Exercise brief => Output the data unchanged and complete, minus the images.

[Dataset content]

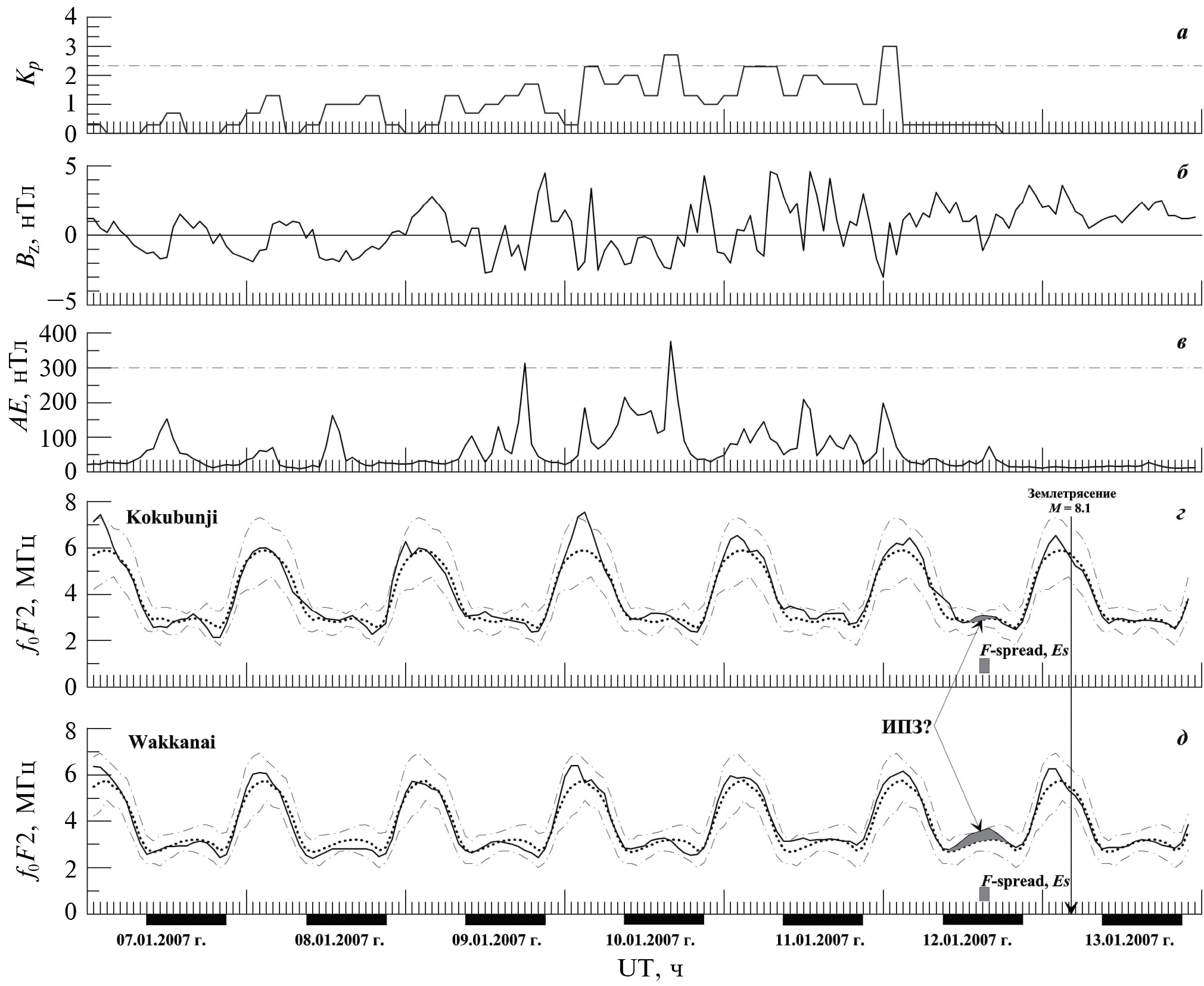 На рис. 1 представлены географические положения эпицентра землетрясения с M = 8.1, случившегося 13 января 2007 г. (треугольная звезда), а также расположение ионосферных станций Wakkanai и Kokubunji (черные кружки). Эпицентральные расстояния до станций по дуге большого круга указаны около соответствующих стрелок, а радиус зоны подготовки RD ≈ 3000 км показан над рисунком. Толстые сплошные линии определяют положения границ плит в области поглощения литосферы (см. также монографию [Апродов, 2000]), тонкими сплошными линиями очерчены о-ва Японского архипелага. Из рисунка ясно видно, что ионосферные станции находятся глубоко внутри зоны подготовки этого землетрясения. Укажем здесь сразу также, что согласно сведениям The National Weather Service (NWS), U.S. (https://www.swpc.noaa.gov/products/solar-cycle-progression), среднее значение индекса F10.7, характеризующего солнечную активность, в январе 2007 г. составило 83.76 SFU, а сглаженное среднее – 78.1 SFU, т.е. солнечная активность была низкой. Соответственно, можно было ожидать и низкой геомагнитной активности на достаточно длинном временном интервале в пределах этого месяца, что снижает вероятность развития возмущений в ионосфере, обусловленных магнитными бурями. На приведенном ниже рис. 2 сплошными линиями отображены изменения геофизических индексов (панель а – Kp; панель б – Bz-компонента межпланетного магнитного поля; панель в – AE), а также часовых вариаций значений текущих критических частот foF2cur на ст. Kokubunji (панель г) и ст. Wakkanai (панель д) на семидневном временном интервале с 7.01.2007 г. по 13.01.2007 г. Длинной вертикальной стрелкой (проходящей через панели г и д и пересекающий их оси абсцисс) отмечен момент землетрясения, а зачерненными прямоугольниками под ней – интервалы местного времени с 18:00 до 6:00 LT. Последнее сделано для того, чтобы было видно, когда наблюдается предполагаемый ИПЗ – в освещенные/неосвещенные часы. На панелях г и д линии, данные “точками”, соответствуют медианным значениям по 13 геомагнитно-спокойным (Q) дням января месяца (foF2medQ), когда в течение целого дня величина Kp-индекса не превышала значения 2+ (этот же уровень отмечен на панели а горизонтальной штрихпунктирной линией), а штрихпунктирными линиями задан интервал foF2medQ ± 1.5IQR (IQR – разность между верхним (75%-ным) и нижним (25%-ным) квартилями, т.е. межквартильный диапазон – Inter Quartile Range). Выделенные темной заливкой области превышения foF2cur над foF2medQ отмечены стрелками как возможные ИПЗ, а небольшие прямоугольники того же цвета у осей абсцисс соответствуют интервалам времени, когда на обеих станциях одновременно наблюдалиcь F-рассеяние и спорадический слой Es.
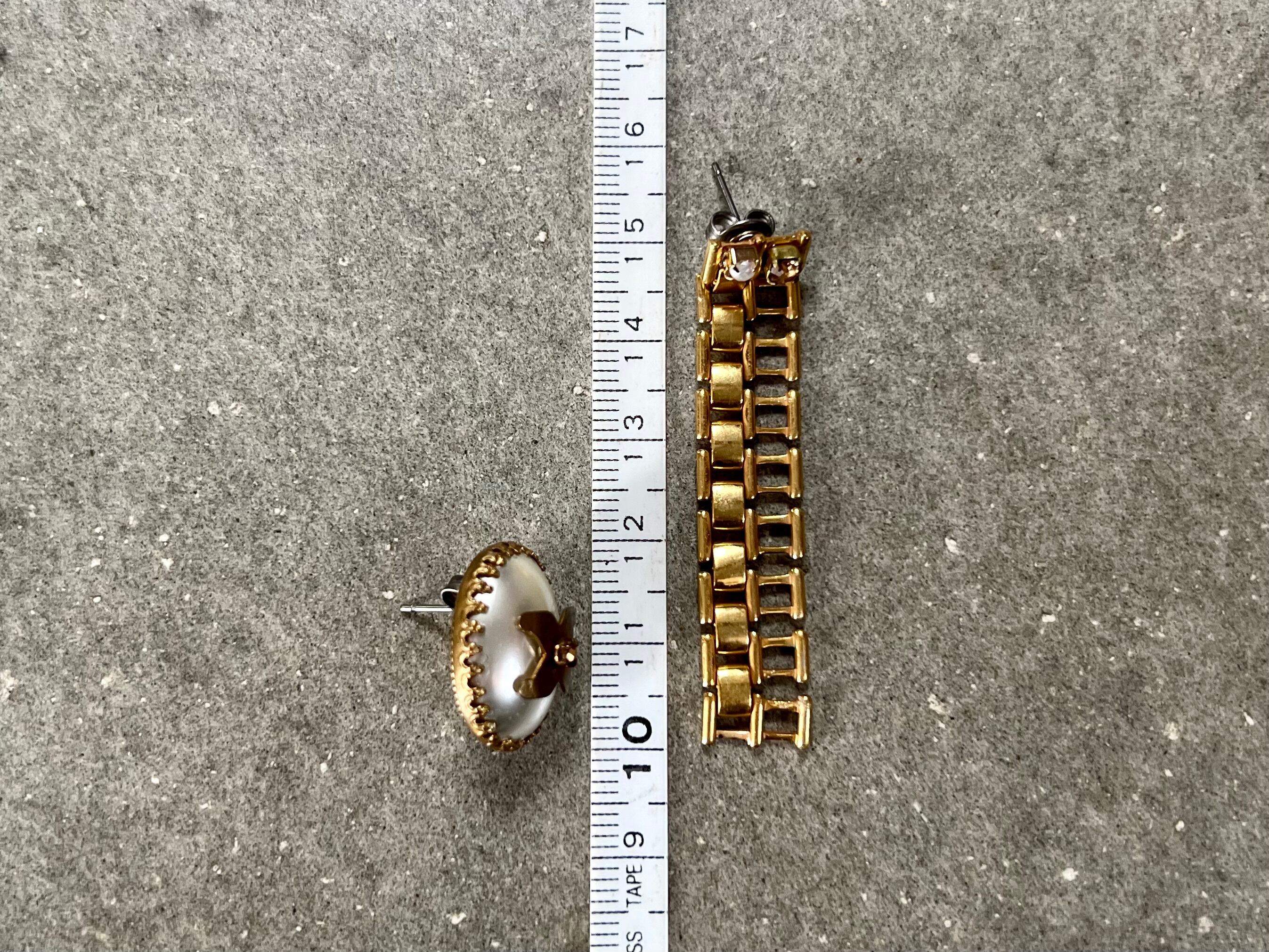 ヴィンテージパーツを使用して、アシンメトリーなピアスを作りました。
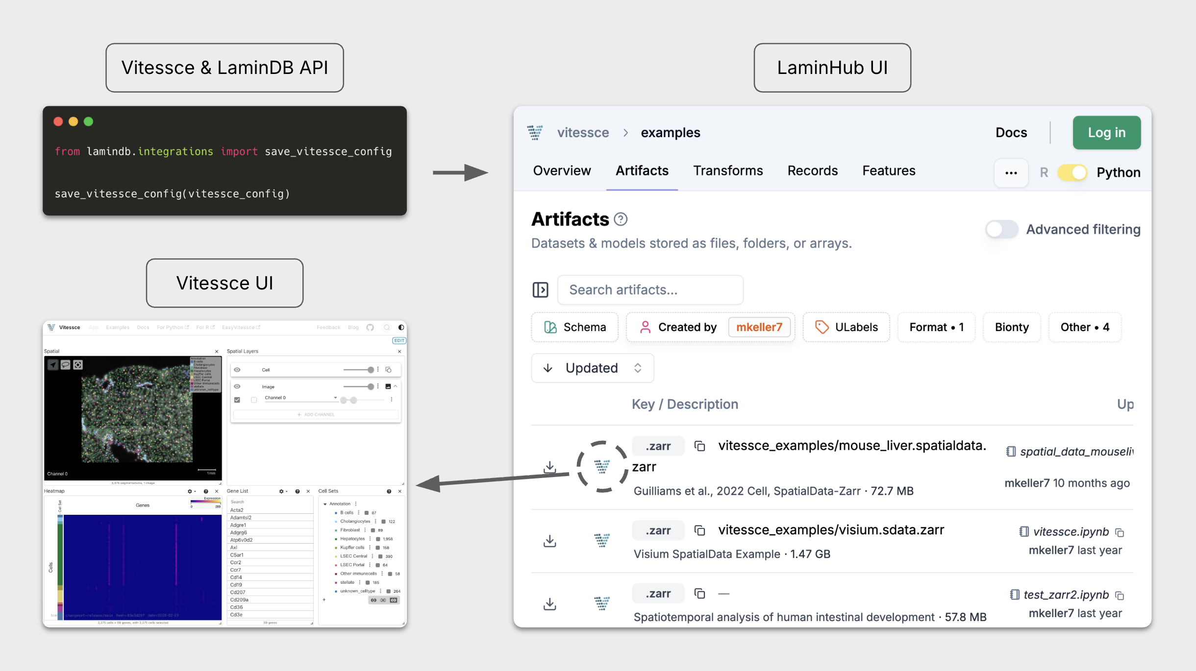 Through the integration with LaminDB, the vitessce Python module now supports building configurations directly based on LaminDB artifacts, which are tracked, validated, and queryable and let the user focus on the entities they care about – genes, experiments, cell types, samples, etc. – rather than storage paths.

[/Dataset content]

Task answer =>
 На рис. 1 представлены географические положения эпицентра землетрясения с M = 8.1, случившегося 13 января 2007 г. (треугольная звезда), а также расположение ионосферных станций Wakkanai и Kokubunji (черные кружки). Эпицентральные расстояния до станций по дуге большого круга указаны около соответствующих стрелок, а радиус зоны подготовки RD ≈ 3000 км показан над рисунком. Толстые сплошные линии определяют положения границ плит в области поглощения литосферы (см. также монографию [Апродов, 2000]), тонкими сплошными линиями очерчены о-ва Японского архипелага. Из рисунка ясно видно, что ионосферные станции находятся глубоко внутри зоны подготовки этого землетрясения. Укажем здесь сразу также, что согласно сведениям The National Weather Service (NWS), U.S. (https://www.swpc.noaa.gov/products/solar-cycle-progression), среднее значение индекса F10.7, характеризующего солнечную активность, в январе 2007 г. составило 83.76 SFU, а сглаженное среднее – 78.1 SFU, т.е. солнечная активность была низкой. Соответственно, можно было ожидать и низкой геомагнитной активности на достаточно длинном временном интервале в пределах этого месяца, что снижает вероятность развития возмущений в ионосфере, обусловленных магнитными бурями. На приведенном ниже рис. 2 сплошными линиями отображены изменения геофизических индексов (панель а – Kp; панель б – Bz-компонента межпланетного магнитного поля; панель в – AE), а также часовых вариаций значений текущих критических частот foF2cur на ст. Kokubunji (панель г) и ст. Wakkanai (панель д) на семидневном временном интервале с 7.01.2007 г. по 13.01.2007 г. Длинной вертикальной стрелкой (проходящей через панели г и д и пересекающий их оси абсцисс) отмечен момент землетрясения, а зачерненными прямоугольниками под ней – интервалы местного времени с 18:00 до 6:00 LT. Последнее сделано для того, чтобы было видно, когда наблюдается предполагаемый ИПЗ – в освещенные/неосвещенные часы. На панелях г и д линии, данные “точками”, соответствуют медианным значениям по 13 геомагнитно-спокойным (Q) дням января месяца (foF2medQ), когда в течение целого дня величина Kp-индекса не превышала значения 2+ (этот же уровень отмечен на панели а горизонтальной штрихпунктирной линией), а штрихпунктирными линиями задан интервал foF2medQ ± 1.5IQR (IQR – разность между верхним (75%-ным) и нижним (25%-ным) квартилями, т.е. межквартильный диапазон – Inter Quartile Range). Выделенные темной заливкой области превышения foF2cur над foF2medQ отмечены стрелками как возможные ИПЗ, а небольшие прямоугольники того же цвета у осей абсцисс соответствуют интервалам времени, когда на обеих станциях одновременно наблюдалиcь F-рассеяние и спорадический слой Es.
 ヴィンテージパーツを使用して、アシンメトリーなピアスを作りました。
 Through the integration with LaminDB, the vitessce Python module now supports building configurations directly based on LaminDB artifacts, which are tracked, validated, and queryable and let the user focus on the entities they care about – genes, experiments, cell types, samples, etc. – rather than storage paths.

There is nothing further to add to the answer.